> [Source material]:
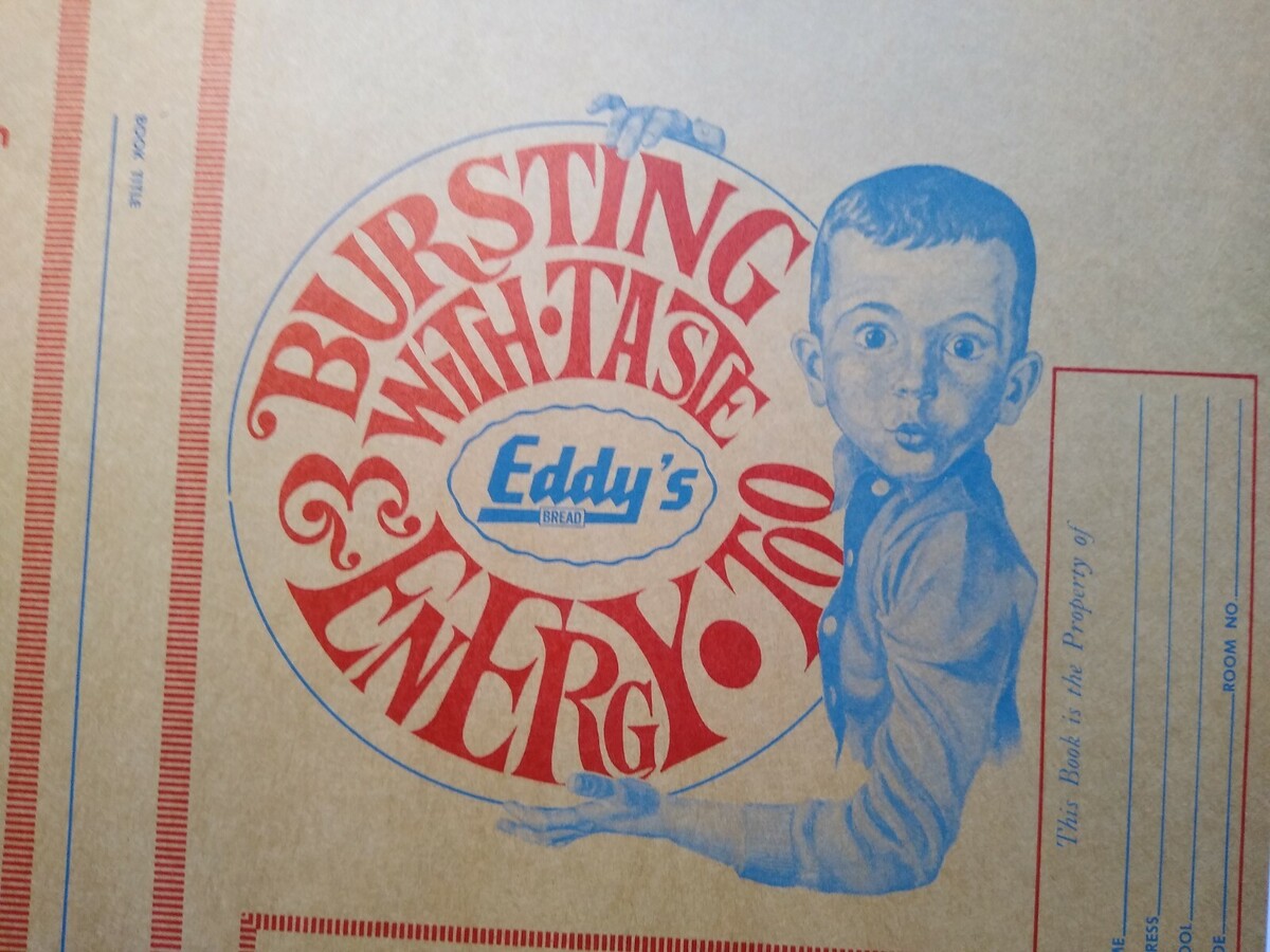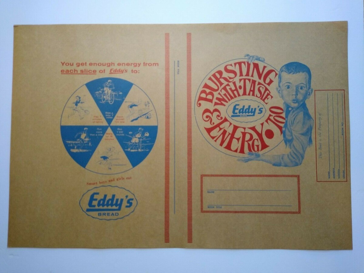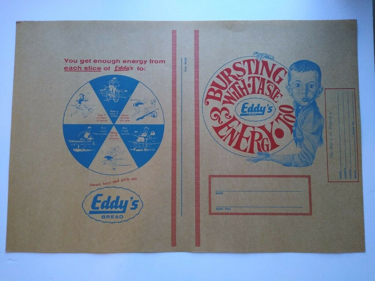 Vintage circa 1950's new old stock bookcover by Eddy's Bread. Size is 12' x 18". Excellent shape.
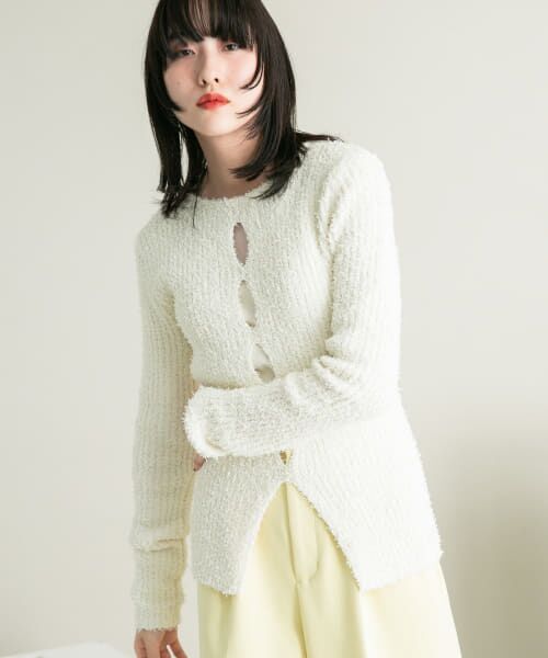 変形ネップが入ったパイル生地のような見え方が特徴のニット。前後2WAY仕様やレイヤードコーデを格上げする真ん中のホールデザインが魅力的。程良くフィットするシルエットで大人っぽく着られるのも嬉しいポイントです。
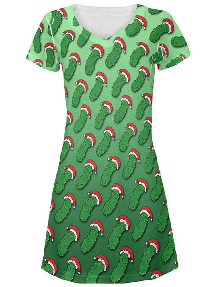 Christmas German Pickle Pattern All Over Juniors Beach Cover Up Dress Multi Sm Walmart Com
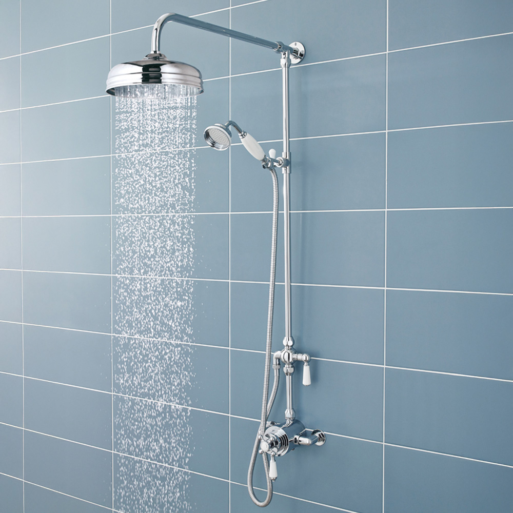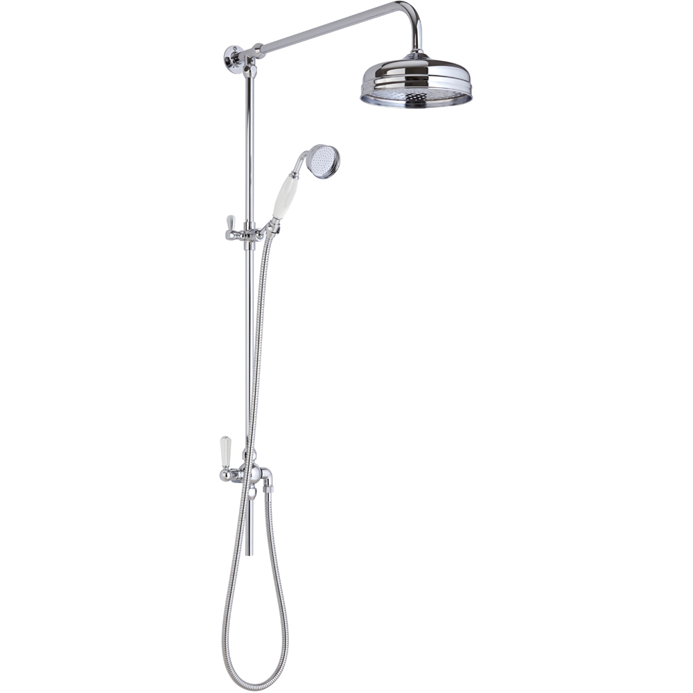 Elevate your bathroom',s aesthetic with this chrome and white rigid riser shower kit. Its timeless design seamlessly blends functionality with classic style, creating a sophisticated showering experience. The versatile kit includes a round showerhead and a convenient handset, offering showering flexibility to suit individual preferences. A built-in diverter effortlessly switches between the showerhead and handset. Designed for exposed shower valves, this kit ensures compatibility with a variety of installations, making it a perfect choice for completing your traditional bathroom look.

> [Task goal]: When you write out the data, keep every line exact and drop the pictures.

> [Completed task]:
 Vintage circa 1950's new old stock bookcover by Eddy's Bread. Size is 12' x 18". Excellent shape.
 変形ネップが入ったパイル生地のような見え方が特徴のニット。前後2WAY仕様やレイヤードコーデを格上げする真ん中のホールデザインが魅力的。程良くフィットするシルエットで大人っぽく着られるのも嬉しいポイントです。
 Christmas German Pickle Pattern All Over Juniors Beach Cover Up Dress Multi Sm Walmart Com
 Elevate your bathroom',s aesthetic with this chrome and white rigid riser shower kit. Its timeless design seamlessly blends functionality with classic style, creating a sophisticated showering experience. The versatile kit includes a round showerhead and a convenient handset, offering showering flexibility to suit individual preferences. A built-in diverter effortlessly switches between the showerhead and handset. Designed for exposed shower valves, this kit ensures compatibility with a variety of installations, making it a perfect choice for completing your traditional bathroom look.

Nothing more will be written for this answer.